Brief
For the records below, print the lines from the line with "Качество хорошее, цвет" through the line with "ไก่เน็ตติ้ง ปีกไก่ อาหารกลางวันแบบซื้อกลับบ้าน" exactly as written; include both end lines and exclude the rest.

——

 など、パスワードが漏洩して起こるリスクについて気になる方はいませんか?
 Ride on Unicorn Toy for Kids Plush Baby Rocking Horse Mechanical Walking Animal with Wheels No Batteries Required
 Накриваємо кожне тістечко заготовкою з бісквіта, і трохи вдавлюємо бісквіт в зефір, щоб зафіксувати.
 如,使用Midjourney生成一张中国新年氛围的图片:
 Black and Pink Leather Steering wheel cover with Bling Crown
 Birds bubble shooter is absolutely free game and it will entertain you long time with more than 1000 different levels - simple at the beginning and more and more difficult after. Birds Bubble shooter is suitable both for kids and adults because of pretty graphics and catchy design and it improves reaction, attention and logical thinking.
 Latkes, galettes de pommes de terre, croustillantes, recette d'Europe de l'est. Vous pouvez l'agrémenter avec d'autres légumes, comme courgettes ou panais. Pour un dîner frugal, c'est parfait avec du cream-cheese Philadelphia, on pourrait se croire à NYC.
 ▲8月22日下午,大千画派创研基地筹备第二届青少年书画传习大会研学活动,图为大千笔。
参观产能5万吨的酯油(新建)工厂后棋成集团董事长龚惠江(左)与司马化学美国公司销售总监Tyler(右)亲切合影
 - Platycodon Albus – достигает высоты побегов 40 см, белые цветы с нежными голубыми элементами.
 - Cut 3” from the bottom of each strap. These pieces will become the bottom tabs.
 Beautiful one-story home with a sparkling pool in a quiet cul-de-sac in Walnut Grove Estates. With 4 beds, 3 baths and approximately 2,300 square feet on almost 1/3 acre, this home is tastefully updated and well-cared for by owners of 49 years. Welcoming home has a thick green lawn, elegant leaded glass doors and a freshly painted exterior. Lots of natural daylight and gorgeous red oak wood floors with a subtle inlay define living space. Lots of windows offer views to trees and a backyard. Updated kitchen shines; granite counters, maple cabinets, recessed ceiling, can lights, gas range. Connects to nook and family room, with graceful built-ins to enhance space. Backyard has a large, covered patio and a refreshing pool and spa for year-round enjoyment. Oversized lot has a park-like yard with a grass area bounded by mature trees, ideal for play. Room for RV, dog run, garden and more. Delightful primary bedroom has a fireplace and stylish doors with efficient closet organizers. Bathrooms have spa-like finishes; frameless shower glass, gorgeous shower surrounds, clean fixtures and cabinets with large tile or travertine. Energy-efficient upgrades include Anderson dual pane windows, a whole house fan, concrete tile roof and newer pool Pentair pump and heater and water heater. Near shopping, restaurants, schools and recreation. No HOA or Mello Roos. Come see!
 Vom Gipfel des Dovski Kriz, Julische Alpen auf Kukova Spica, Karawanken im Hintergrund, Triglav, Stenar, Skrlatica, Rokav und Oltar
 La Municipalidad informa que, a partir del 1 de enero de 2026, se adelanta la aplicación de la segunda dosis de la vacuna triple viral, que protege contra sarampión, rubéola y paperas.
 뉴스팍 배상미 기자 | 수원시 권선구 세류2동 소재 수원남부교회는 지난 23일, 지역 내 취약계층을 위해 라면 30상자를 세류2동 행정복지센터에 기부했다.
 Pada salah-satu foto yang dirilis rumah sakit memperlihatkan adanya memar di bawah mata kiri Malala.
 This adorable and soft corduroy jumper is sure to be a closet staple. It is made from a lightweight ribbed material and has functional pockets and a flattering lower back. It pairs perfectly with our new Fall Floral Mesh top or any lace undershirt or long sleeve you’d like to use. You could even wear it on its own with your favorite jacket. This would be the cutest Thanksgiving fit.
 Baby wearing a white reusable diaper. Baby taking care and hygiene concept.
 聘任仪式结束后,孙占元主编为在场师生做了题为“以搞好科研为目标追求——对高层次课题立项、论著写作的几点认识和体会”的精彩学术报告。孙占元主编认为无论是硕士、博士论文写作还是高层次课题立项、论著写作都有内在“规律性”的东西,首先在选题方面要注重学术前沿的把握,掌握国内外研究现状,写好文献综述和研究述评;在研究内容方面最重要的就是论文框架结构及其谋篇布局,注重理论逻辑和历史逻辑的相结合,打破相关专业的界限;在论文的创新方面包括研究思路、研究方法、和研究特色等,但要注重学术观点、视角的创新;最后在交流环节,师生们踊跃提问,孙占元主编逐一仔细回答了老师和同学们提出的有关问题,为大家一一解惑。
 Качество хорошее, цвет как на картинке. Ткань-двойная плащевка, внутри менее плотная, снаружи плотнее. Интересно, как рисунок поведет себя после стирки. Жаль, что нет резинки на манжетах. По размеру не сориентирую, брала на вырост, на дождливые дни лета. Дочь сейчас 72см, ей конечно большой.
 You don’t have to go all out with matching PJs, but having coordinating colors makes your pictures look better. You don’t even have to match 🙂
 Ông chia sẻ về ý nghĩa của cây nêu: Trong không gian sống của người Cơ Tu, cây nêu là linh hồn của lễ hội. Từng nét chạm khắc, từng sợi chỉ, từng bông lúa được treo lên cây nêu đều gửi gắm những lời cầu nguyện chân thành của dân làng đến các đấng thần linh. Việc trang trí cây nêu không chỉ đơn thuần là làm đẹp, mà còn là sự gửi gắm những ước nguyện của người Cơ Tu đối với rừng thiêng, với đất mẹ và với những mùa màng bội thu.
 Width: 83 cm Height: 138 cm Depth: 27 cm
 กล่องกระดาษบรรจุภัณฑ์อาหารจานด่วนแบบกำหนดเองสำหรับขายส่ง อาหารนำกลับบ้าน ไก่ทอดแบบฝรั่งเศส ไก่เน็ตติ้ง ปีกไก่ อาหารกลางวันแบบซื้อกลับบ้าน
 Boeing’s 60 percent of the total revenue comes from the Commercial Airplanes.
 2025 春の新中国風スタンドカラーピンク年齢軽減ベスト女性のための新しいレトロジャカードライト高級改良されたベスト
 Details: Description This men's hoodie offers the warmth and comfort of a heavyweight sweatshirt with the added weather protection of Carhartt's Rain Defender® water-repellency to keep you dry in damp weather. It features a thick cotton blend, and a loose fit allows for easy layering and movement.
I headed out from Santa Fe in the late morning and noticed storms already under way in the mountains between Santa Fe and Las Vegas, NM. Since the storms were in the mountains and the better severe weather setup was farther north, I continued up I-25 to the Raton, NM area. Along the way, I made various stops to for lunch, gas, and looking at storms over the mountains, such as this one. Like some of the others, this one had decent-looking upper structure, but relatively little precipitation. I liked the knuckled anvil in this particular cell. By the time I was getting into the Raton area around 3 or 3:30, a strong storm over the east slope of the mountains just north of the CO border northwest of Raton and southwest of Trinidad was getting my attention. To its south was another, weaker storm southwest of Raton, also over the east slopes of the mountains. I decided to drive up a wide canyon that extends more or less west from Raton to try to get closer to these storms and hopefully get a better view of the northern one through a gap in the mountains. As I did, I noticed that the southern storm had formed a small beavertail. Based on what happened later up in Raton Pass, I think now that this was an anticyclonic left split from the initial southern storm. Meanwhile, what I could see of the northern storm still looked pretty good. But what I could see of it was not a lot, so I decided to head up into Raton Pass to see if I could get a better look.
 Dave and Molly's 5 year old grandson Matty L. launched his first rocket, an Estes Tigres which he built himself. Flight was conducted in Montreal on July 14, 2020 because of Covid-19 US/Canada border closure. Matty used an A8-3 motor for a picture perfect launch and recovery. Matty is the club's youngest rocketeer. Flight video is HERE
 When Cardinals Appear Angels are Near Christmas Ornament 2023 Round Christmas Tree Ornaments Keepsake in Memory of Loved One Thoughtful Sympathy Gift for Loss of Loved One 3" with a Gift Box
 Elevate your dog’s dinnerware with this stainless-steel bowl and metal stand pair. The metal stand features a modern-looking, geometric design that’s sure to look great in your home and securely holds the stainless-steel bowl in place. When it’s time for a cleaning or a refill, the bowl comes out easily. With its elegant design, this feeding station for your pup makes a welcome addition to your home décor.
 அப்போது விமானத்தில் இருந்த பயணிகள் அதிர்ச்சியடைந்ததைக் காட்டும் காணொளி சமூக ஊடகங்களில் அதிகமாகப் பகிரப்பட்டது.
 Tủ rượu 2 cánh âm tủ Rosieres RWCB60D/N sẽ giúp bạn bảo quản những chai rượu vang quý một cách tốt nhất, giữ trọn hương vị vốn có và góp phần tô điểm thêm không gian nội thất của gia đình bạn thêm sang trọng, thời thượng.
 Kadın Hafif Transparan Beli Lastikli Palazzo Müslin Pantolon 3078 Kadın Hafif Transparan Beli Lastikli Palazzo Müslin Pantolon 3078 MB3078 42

——

Written solution
 Качество хорошее, цвет как на картинке. Ткань-двойная плащевка, внутри менее плотная, снаружи плотнее. Интересно, как рисунок поведет себя после стирки. Жаль, что нет резинки на манжетах. По размеру не сориентирую, брала на вырост, на дождливые дни лета. Дочь сейчас 72см, ей конечно большой.
 You don’t have to go all out with matching PJs, but having coordinating colors makes your pictures look better. You don’t even have to match 🙂
 Ông chia sẻ về ý nghĩa của cây nêu: Trong không gian sống của người Cơ Tu, cây nêu là linh hồn của lễ hội. Từng nét chạm khắc, từng sợi chỉ, từng bông lúa được treo lên cây nêu đều gửi gắm những lời cầu nguyện chân thành của dân làng đến các đấng thần linh. Việc trang trí cây nêu không chỉ đơn thuần là làm đẹp, mà còn là sự gửi gắm những ước nguyện của người Cơ Tu đối với rừng thiêng, với đất mẹ và với những mùa màng bội thu.
 Width: 83 cm Height: 138 cm Depth: 27 cm
 กล่องกระดาษบรรจุภัณฑ์อาหารจานด่วนแบบกำหนดเองสำหรับขายส่ง อาหารนำกลับบ้าน ไก่ทอดแบบฝรั่งเศส ไก่เน็ตติ้ง ปีกไก่ อาหารกลางวันแบบซื้อกลับบ้าน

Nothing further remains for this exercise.